Le professeur Gabriel Colletis a d’ailleurs lancé un éloquent « manifeste pour l’industrie » qui mériterait encore plus de signataires. Pourquoi la désindustrialisation s’est-elle accomplie ? « Parce que l’industrie est ressentie comme sale, dégradante, à la différence des services » témoigne Jacques Attali. A cause d’un antique mépris pour ceux qui travaillent avec leurs mains. Cela remonte à Athènes et Rome, au temps où les riches croyaient être les seuls à avoir le loisir de penser, le travail manuel étant dévolu aux esclaves.

Ce mépris a fait perdre à la France la société Alcatel qui avait été leader mondial des télécommunications. Son patron de l’époque, Serge Tchuruk, a dégraissé les effectifs en poussant dehors les seniors, sans prendre garde aux expériences et aux compétences qui s’en allaient. Puis, il a cru génial d’inventer « l’entreprise sans usine ». En un an, il a fermé 90 sites industriels sur 120. Alcatel s’est effondré et a dû se vendre, il y a cinq ans, au finlandais Nokia qui, depuis, lui a déjà imposé quatre plans sociaux.

Ce mépris français, pour le travail matériel et l’industrie, explique que la France soit le pays européen « qui consacre le moins d’effort à former des ingénieurs et à inciter les rares qui sortent de nos excellentes écoles à ne pas se détourner de leur vocation d’origine pour aller vers les métiers de la finance ou de la politique ». Jacques Attali, lui-même ingénieur du Corps des Mines, a bien raison de le rappeler.

Un déclin voulu

La France s’est désindustrialisée parce que ses prétendues élites l’ont voulu, sciant l’une des branches sur lesquelles était bâti notre développement. Et ce déclin continue : « les capacités de production manufacturière de la France ont baissé de 10 % depuis la crise de 2008 quand celles de l’Allemagne ont progressé de 20 % », vient d’écrire ici Philippe Crevel.

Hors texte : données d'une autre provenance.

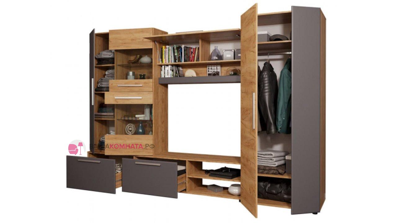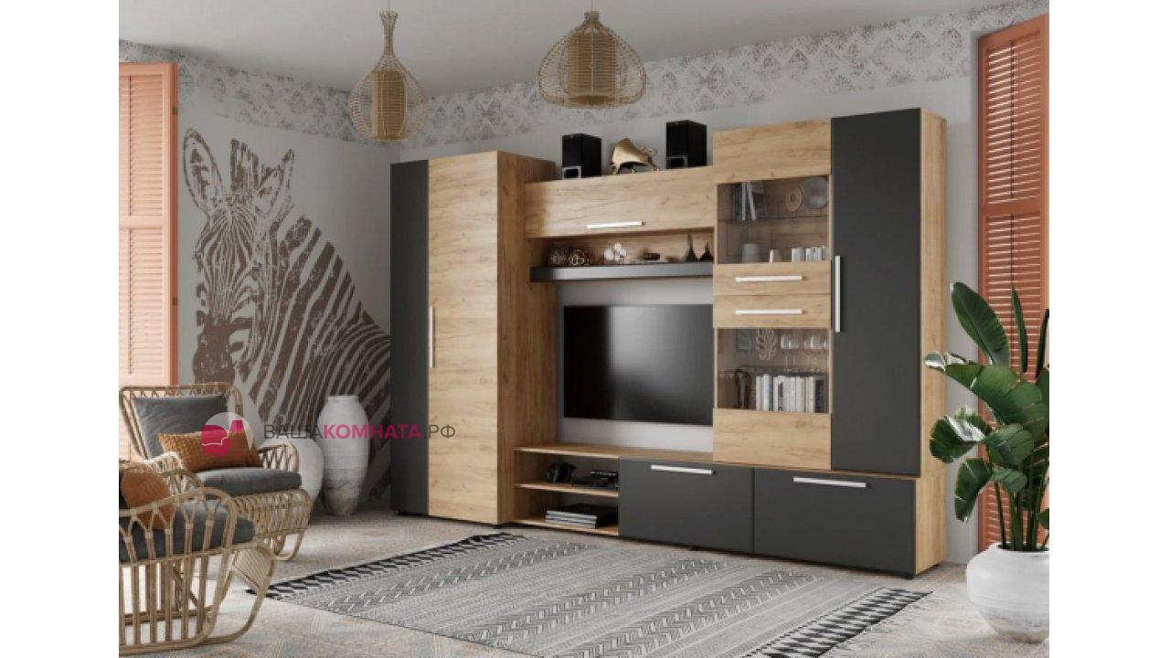 Стенка "Сафари" SL - Дуб Крафт золотой / Графит Софт матовый
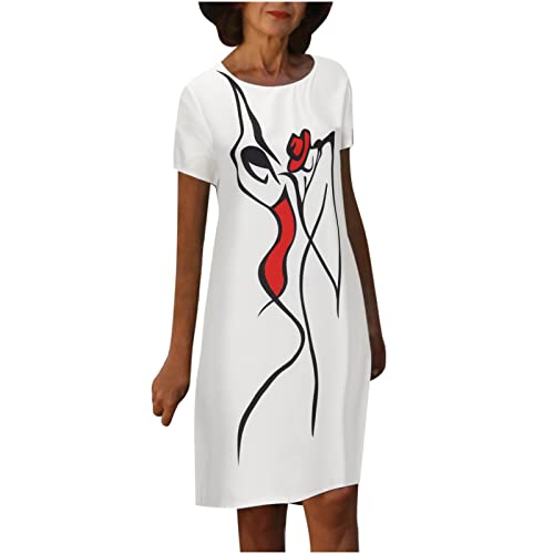 Abito estivo da donna, abito estivo da donna, elegante, in lino, a maniche corte, casual, linea ad A, con scollo a V, per il tempo libero, con stampa floreale, A16 bianco, xxl
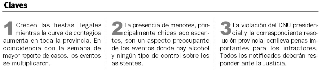 El encargado y propietario del inmueble fue identificado como quien organizó el encuentro. Posteriormente y ya suspendida la fiesta, el encargado fue notificado de la causa y se labró el acta y tomó intervención la Justicia.
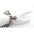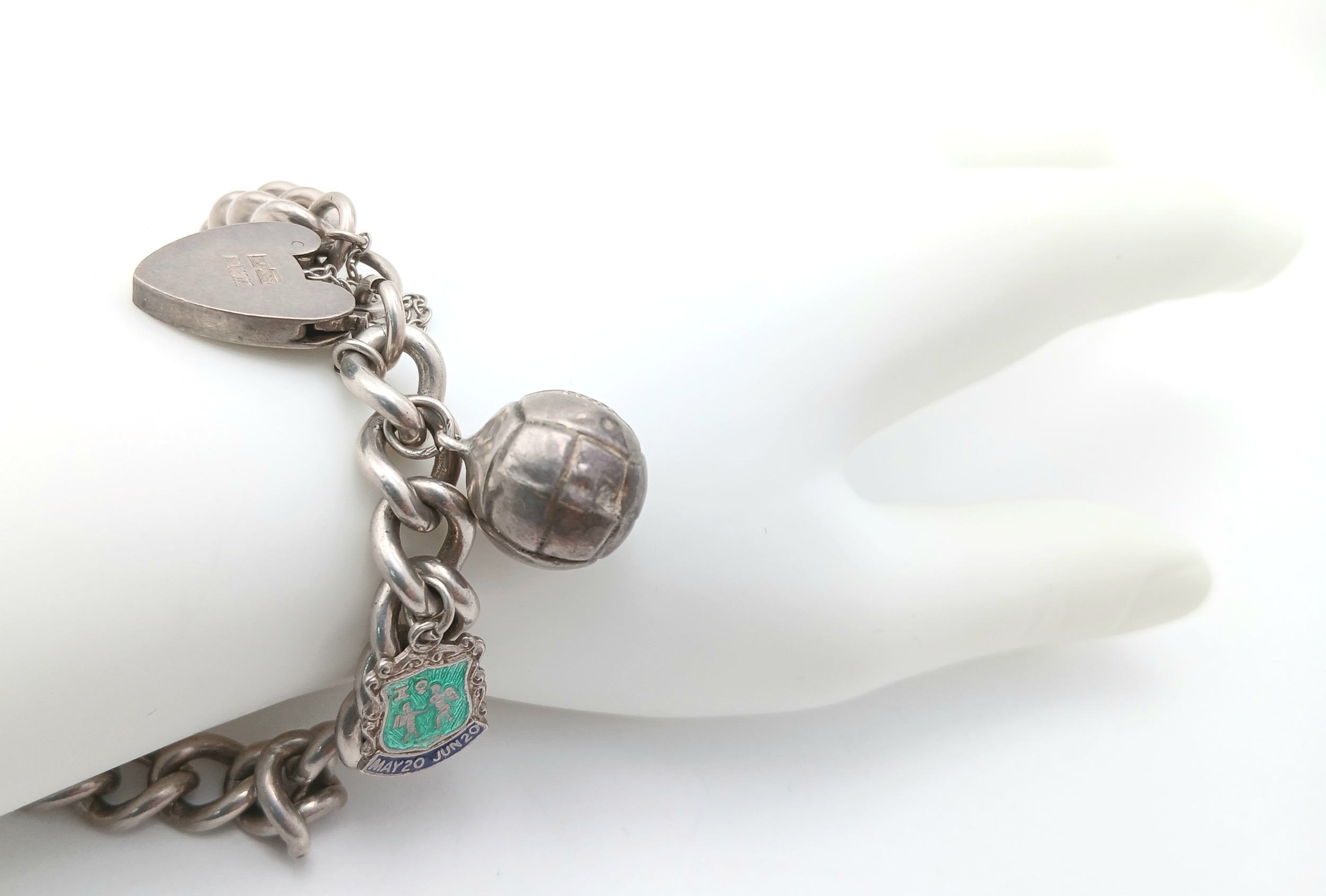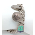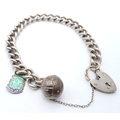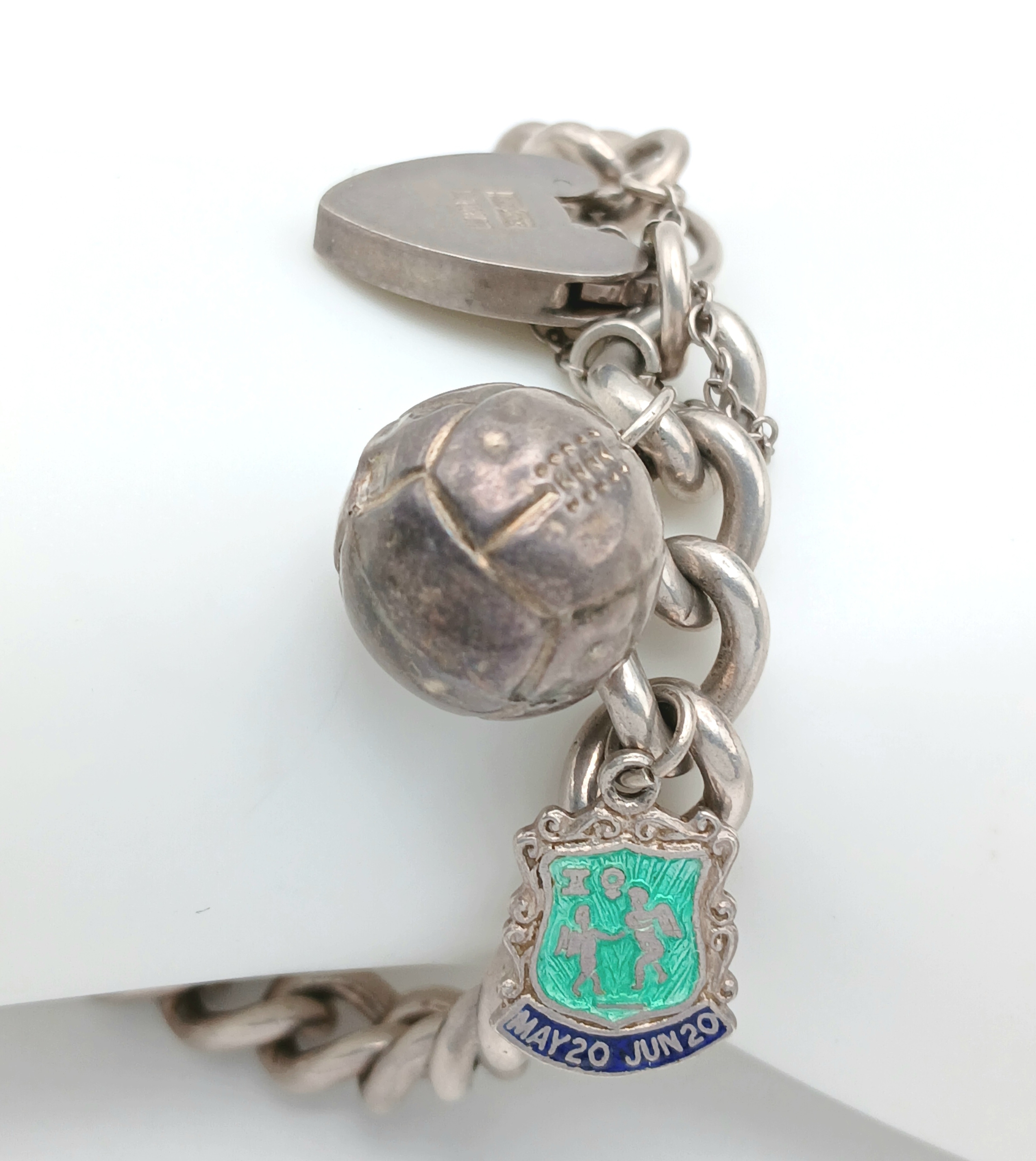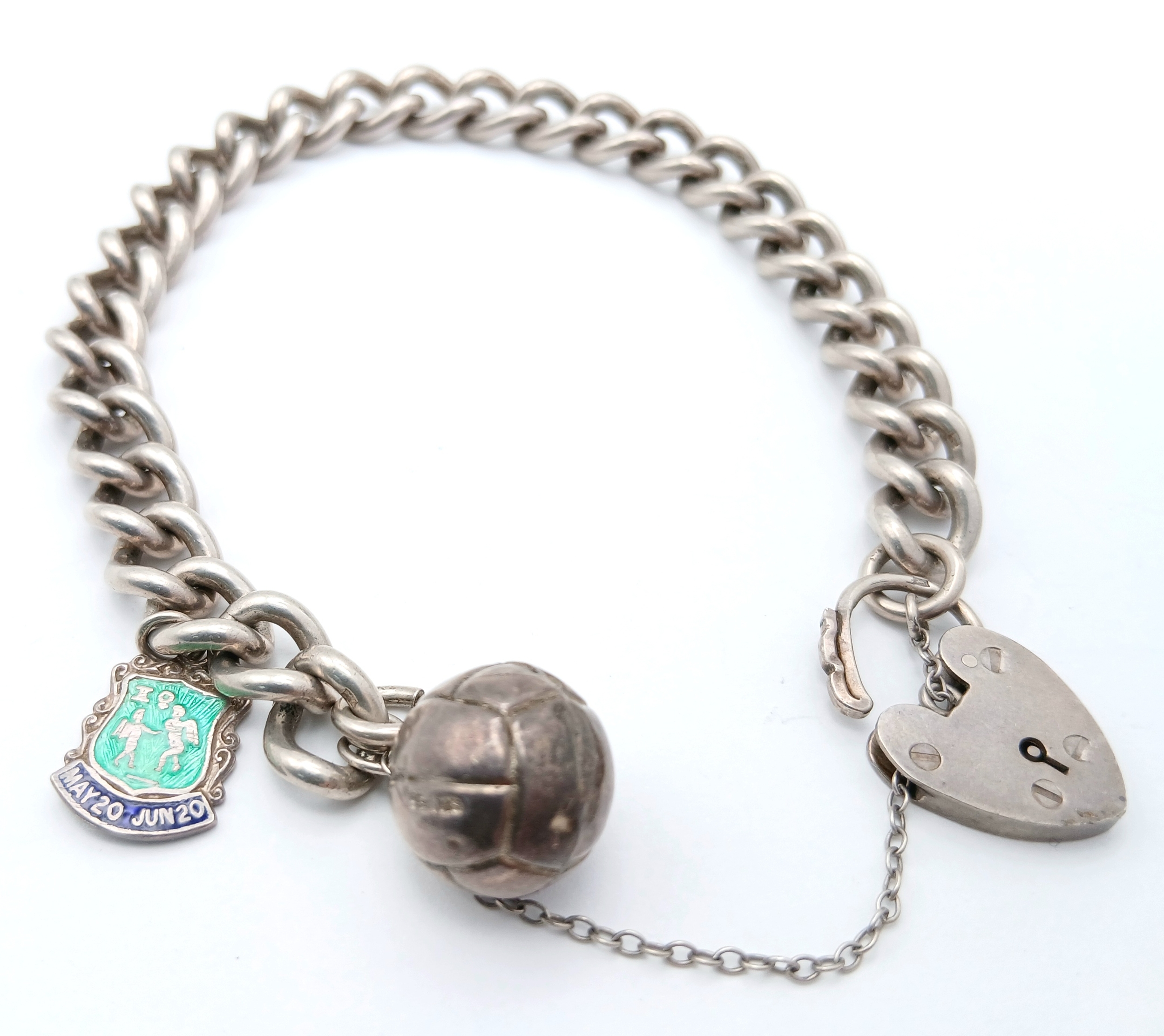 A Sterling Silver Chain Bracelet with Padlock Charm Closure, and Sterling Silver Enamel Gemini Shield Charm, and A Football Charm. Hallmarked Birmingham 1966, Total Weight 38.36 gr, Approximate Length 21cm.

Bercy doit savoir que tous les plans de relance échoueront si l’on ne renonce pas à quelques idées pernicieuses et si l’on ne s’appuie pas résolument sur certaines valeurs. D’autant que le mal n’est pas nouveau. Demandons-nous, aujourd’hui, pourquoi nos constructeurs nationaux se croient obligés de fabriquer loin de l’Hexagone des modèles de voitures que Toyota produit de façon rentable avec des ouvriers français sur le sol français à Valencienne. Pourquoi les voitures fabriquées en France ont-elles besoin de près d’un tiers de pièces importées (chiffres de 2014) et les voitures allemandes seulement d’un cinquième ?

Il y a trente ans déjà, Jean Bounine et François Dalle se posaient les mêmes questions à propos des grands groupes dits nationaux : pourquoi Thomson estimait-il ne pouvoir fabriquer qu’à Singapour, compte tenu des salaires français, des produits que Sony et Toshiba produisaient de façon rentable en France [1]? La réponse était double. Parce que « nos » capitalistes voulaient des gains immédiats alors que les deux Japonais visaient une expansion durable et mondiale. Parce que le management par le mépris était incapable de mobiliser suffisamment les talents et les volontés des collaborateurs. Et débarrassons-nous des faux arguments sur le coût du travail. Philippe Crevel constate que « le coût unitaire est en Allemagne supérieur à celui de la France. De même, le temps de travail n’est pas un facteur discriminant, les Allemands ayant une durée annuelle plus faible que les Français ».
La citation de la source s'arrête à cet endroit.